Unlike Classification tasks where a favorable outcome corresponds with one or more outcome classes, defining a favorable outcome for a Regression task can depend on the distribution being predicted.

Certifai allows users to define a predicted outcome as being favorable for Regression tasks relative to starting point or via a fixed threshold.

For example, in a use case where Regression models are predicting the total insurance claim amount for an individual, let us assume that having receiving a higher claim amount is a more favorable result. An increase from $500 to $501 might not seem favorable when compared to a potential increase from $500 to $10,000. Alternatively, we might consider any claim amount above $5000 as favorable, and any claim below as unfavorable.

Relative change:

  • A significant increase or decrease from the original prediction value is considered favorable.
  • The amount of change that is considered significant is specified in terms of standard deviations for the predicted outcome.

Absolute change:

  • Defines a threshold as a percentile or absolute value.
  • Favorable outcomes are either strictly above or below the threshold.

Fairness calculations

How is Fairness Calculated?

Certifai aggregates the metrics for each group into a feature fairness score, where 100% is perfectly fair (no disparity). The overall fairness score is taken to be the minimum score for any fairness feature.

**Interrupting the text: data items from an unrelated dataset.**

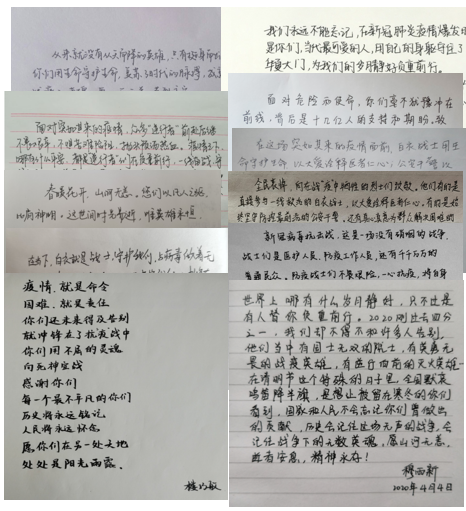 除了开展“云祭扫”外,支部还组织党员为牺牲烈士和逝世同胞手写寄语、悼词,学习抗击疫情中的英雄事迹等活动,激发广大党员爱党爱国爱社会主义热情,勇于担当历史使命,珍惜韶华,奋发学习,以优异的答卷告慰先烈,不负时代重托。
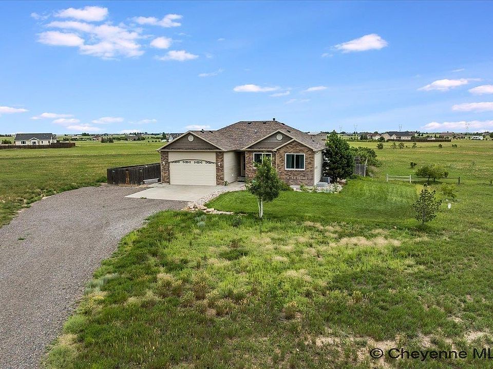 Impeccable Rural Home in Cardinal Estates! Nestled in a rural subdivision just east of town, this Wyoming haven blends serene country vibes with everyday ease. Stunning refinished hardwood flows through entry, hall, kitchen, and dining. Expansive living room boasts vaulted ceilings, a cozy gas fireplace, and abundant natural light from oversized windows. Lavish primary suite features a walk-in closet, tray ceiling, and luxe 5-piece bath. Finished basement shines with a massive rec- room and three generous bedrooms. Ample oversized closets handle all your storage. Stay cozy year-round via forced-air heat and central AC. Fenced backyard includes a 12x16 shed; front and back yards flaunt sod and sprinklers. Brick-and-vinyl exterior promises low-maintenance appeal. Pride of ownership radiates throughout this pristine retreat!
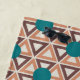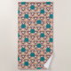 Esta toalla de playa tiene un diseño geométrico de triángulos marrones y marrones que se repiten con círculos turquesas sobre un campo de blanco roto. ¿Quieres el mismo diseño en colores diferentes? Mándame un mensaje.
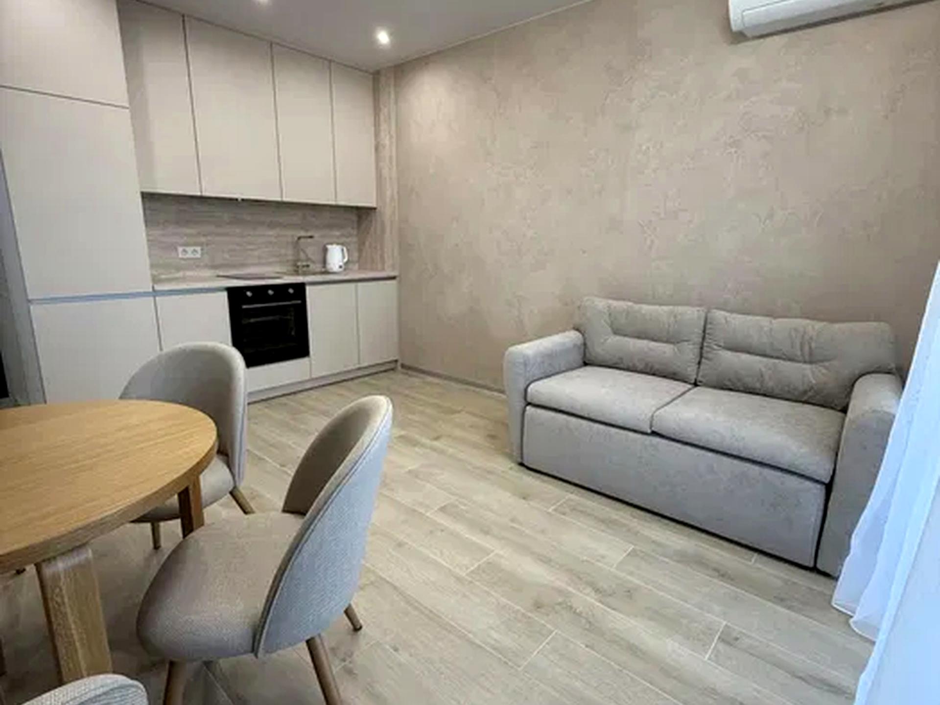 В квартирі 1 кімната. Планування кімнат Роздільне. В квартирі є Шафа, Ліжко, Кондиціонер, Пральна машина, Сушильна машина, Душова кабіна, Холодильник, Посудомийна машина, Лічильники. Будинок побудований в 2024 році. Загальний стан квартири - З ремонтом. Працює без світла - вода, опалення, інтернет, ліфт. Комісія за послуги 50 %
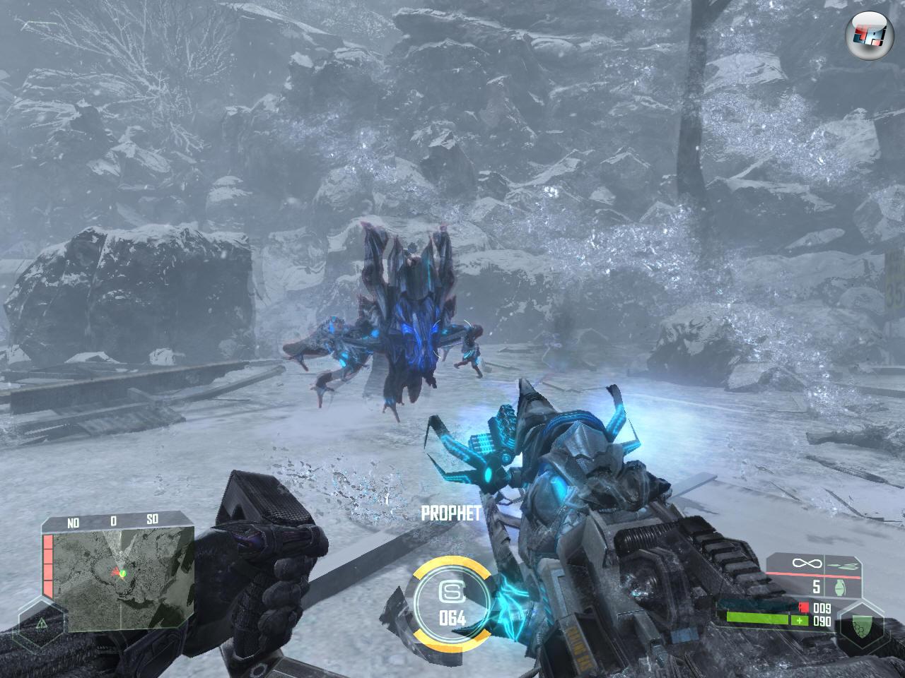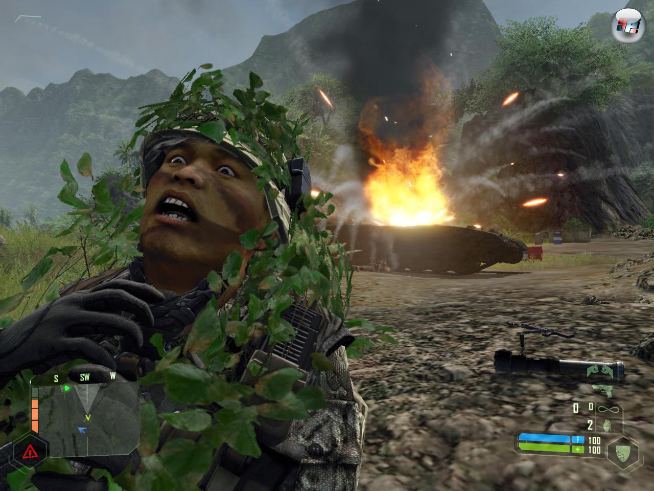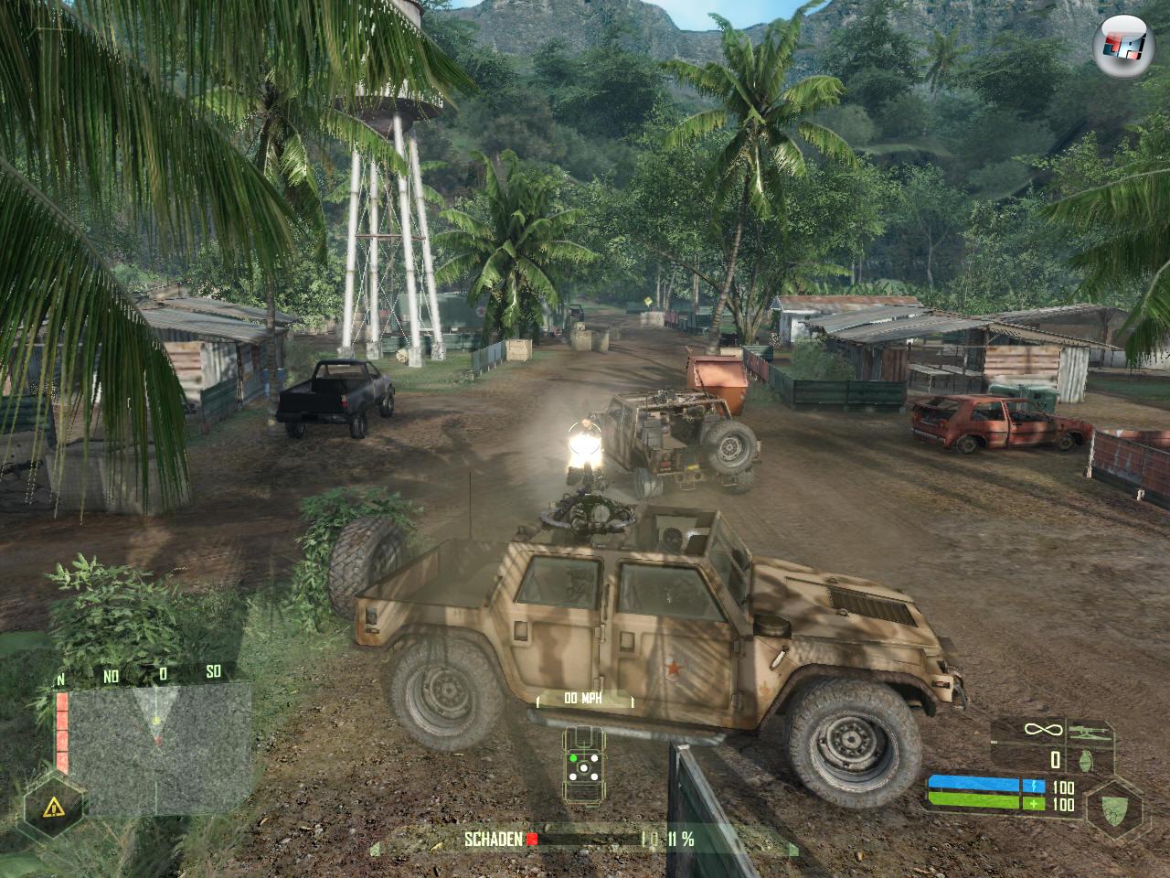 Diese Tools können über Erfolg oder Scheitern entscheiden, denn Crysis ist schon auf dem zweiten der vier Schwierigkeitsgrade eine Herausforderung: Die Gegner haben Luchsaugen, ein ruhiges Händchen und einen schnellen Abzugsfinger – und sie schlucken, im Gegensatz zum Protagonisten, absurd viele Treffer! Davon abgesehen kann sich die KI wie schon bei Far Cry sehen lassen: Feinde reagieren auf Lichtstrahlen, nutzen geschickt Deckung, agieren als ausschwärmendes Team und weichen Beschuss aus. Gelegentlich spinnt das System aber: Da läuft mal ein Feind an mir vorbei, ein anderer bleibt zappelnd an einer Stelle stehen und ein dritter zielt zwar auf mich, überlegt es sich dann aber doch anders – und macht einfach gar nix. Das dürfte auf der höchsten Schwierigkeitsstufe für Erleichterung sorgen, denn hier wird aus dem Actiongame ein Taktikspiel, in dem man sich jeden Meter erkämpfen muss – ohne Fadenkreuz, ohne Granatenwarnung und aus irgendeinem Grund ausschließlich Koreanisch statt Deutsch redenden Widersachern. Falls ihr im späteren Spielverlauf die anfängliche Wahl des Schwierigkeitsgrades bereut, kommt euch das Game netterweise entgegen: Ihr dürft ihn auch im Nachhinein jederzeit ändern.

For assessment of disparate impact, it is common to assess the maximum disparity across the groups. Certifai uses maximum disparity for all of the metrics other than burden.

Certifai uses Gini to aggregate burden across the groups, giving an indication of the mean disparity.

How is Burden calculated?

Here are the brief steps for calculating fairness:

  1. Calculate burden for each group.
  2. Compute the Gini index for each feature group.
  3. Convert to a percentage that is (1 - GiniIndex).

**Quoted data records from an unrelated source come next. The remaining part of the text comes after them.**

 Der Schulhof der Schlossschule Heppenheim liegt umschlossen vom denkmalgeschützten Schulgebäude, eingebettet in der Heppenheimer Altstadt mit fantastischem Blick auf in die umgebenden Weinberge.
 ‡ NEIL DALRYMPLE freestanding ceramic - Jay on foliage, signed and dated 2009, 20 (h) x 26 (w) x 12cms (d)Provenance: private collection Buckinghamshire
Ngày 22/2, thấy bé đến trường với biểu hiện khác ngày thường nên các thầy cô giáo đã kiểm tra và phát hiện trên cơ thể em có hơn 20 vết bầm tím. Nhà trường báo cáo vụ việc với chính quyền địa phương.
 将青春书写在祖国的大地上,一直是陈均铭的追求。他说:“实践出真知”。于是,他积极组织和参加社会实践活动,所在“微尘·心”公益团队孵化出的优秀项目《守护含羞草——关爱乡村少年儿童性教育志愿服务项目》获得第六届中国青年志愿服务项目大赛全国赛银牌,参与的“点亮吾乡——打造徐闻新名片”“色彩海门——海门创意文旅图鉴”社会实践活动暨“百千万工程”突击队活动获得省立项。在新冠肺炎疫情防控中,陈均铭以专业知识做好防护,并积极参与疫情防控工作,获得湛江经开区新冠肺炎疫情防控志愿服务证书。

If all feature group burdens are equal, you get a 100% fair system, and if only one group has non-zero burden but none of the others do, you get 0.

Example: In a binary classification problem where the positive class is the desired outcome:

  • If the instance is classified as positive, there is 0 burden.
  • If the instance is classified as negative, burden is a monotonic function, f() of the distance to the decision boundary, as this distance indicates how much work will need to be done (i.e. the burden) to flip to the desired outcome.

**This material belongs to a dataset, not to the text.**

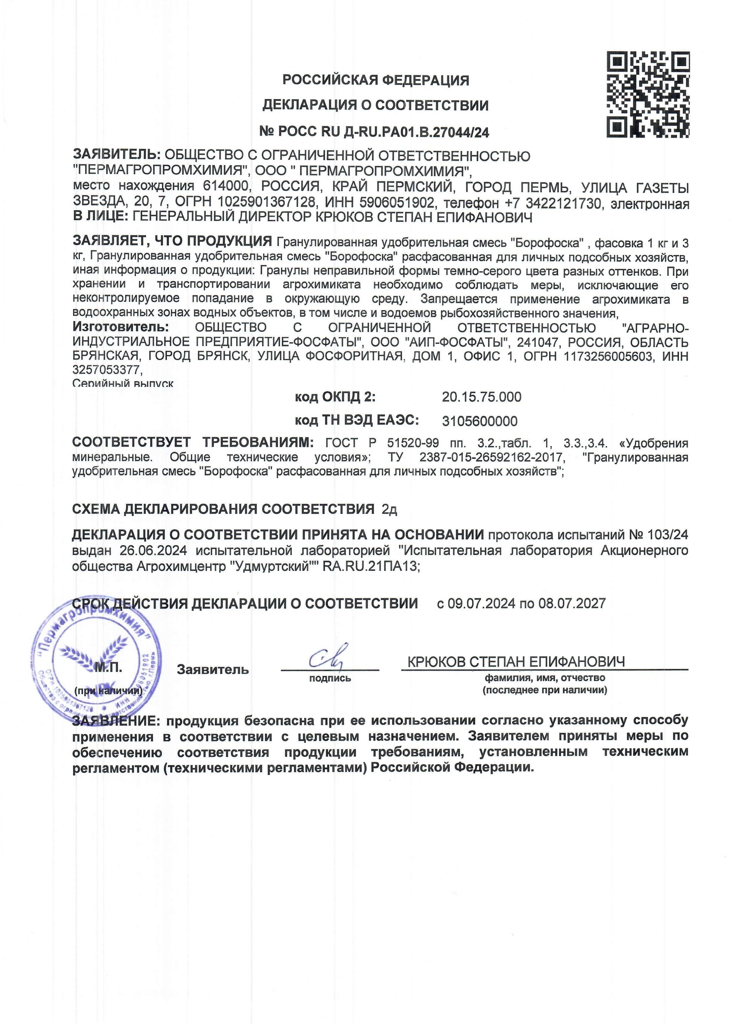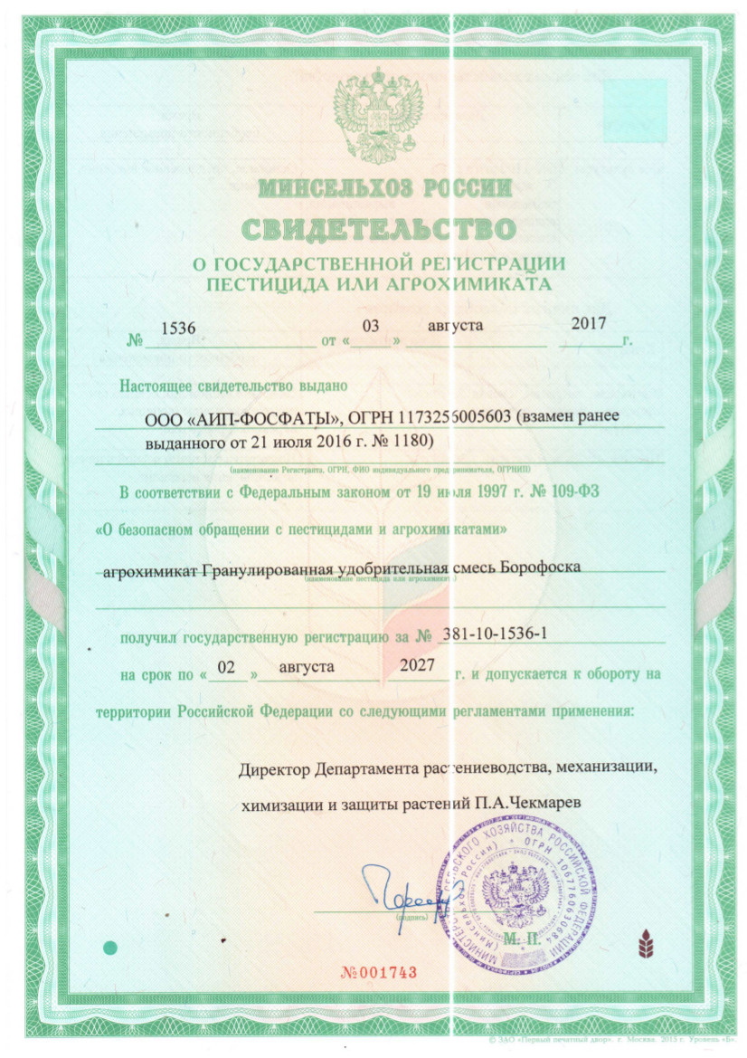 Государственная регистрация-№381-10-1536-1 от 03.08.17 до 02.08.27 выдана МСХ РФ, Сертификация-декларация №РОСС RU Д-RU.РА01.В.27044/24 от 09.07.24 до 08.07.27 выдана Заявитель: ООО "Пермагропромхимия"

How are Parity and Equality Fairness Scores Calculated?

The Parity and Equality Fairness Feature score is based on the maximum discrepancy in the metric between fairness groupings.

For example, in demographic parity if 75% of men receive a positive outcome, and only 50% of women do, then the fairness score is Calculated as follows: 1-((0.75-0.5)/0.75) = 66.7%.

NOTE: The denominator is the largest outcome group, regardless of whether the outcome is positive or negative. If 25% of men and 20% of women obtained a favorable outcome, then 75% or men and 80% of women had unfavorable outcomes so the score would be calculated as follows: 1-((0.25-0.2)/0.8) = 93.75%

What Is the Importance of Fairness?

Based on fairness scores the following actions might be taken by the various Certifai users:

  • Data scientists might attempt to retrain any of the models with datasets that contain more equal distributions for age and status and compare the results again.

  • Business decision-makers might select the fairest model for production deployment of their loan application

  • Compliance officers might reject the use of models with overall scores or feature category differences that don’t meet a certain threshold for fairness since that is a critical aspect of trusted AI.

How is Fairness Displayed in Certifai?

The Fairness by Group visualizations are displayed in the Console:

  • An overall view that shows a the average fairness score for each model.
  • A model view that shows a histogram of the fairness scores for each grouping feature in the model.

At the top of the page, the favorable outcome for the scan is identified, (for example "Loan Granted" for the Banking:Loan Approval sample use case).

Each of the Fairness features that were defined for the scan is displayed in a separate graph. In the case of the Banking:Loan Approval use case the features are status and age.